Keynote Speaker – Avish Parashar

 Ding Happens!

Planning is important, but improvising is essential! See how the art of improv comedy can improve how you handle changes in your business with our guest speaker, Motivational Improviser Avish Parashar! Through his deft improvisational techniques and stories, Avish shares the importance of open-mindedness in communication through the simple phrase, “yes, and." 

Improvisation is the ability to react to sudden change, those “ding moments," a term Avish coined with his prop bell. These changes can happen at any time in our day-to-day lives. In business, this can be staffing issues, supply chains, shifting economics, and more! The problem with changes like these is we get stuck thinking informationally instead of improvisationally. We try to have a plan and stick to it, even when unforeseen challenges arise.  

We see this example in Avish's exercise, “The Alphabet Story." In this exercise, he takes a suggestion of a place. He then creates a story on that premise, starting each sentence with a consecutive alphabet letter. Even though he has an idea of the direction to take when the story begins, the changing letters of each sentence make it difficult for him to stay on track. He must inevitably be creative and change his planned story to fit the rules. It's not until he takes the story one sentence at a time with an adaptive mindset that the exercise becomes interesting and genuinely creative. 

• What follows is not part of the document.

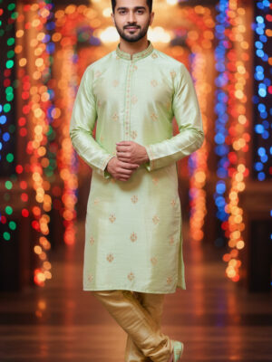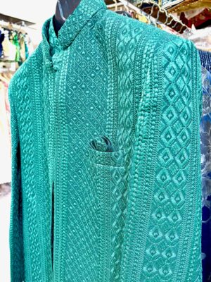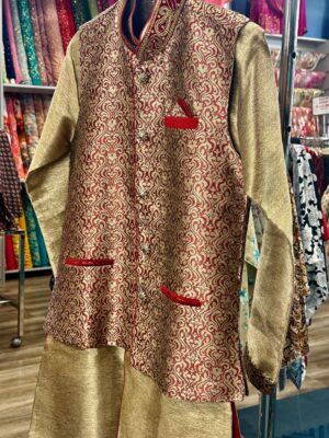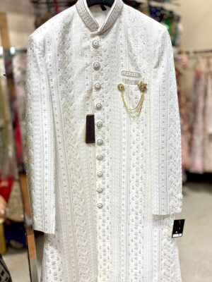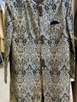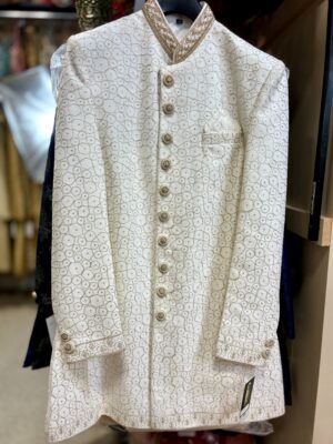 • Wedding Sherwanis: Rich, heavily embroidered, and designed to stand out on the groom. Often paired with churidar or dhoti pants.

When faced with sudden change, we tend to default to our certainty & comfort zone, our “yes, but" moments. Defaulting our sense of control and certainty means keeping the status quo but hindering honest and open communication, creating conflict and pressure. But maintaining the status quo isn't enough to stay relevant in a constantly changing world. It becomes a vicious cycle of remaining stagnant in the face of change and then playing catch-up with the rest of the world. 

The purpose of being able to say “yes, and" is to find the heart of the issue at hand. Usually, when there is a conflict between two people, there is something deeper causing the struggle than the matter at hand. Instead of saying “but," “and" opens us up to collaborate and dig into the motives behind our thoughts. It all starts with two simple words.

Learning to confidently say “yes, and" in times of change is not an overnight process. Like in Avish's “The Alphabet Story" exercise, it begins with saying “yes, and" to the situation in front of you. Taking a massive step into this mindset can be overwhelming. Avish's guide for taking it one step at a time is “act, analyze, and adjust." Take action, see what happens, make an adjustment, and repeat!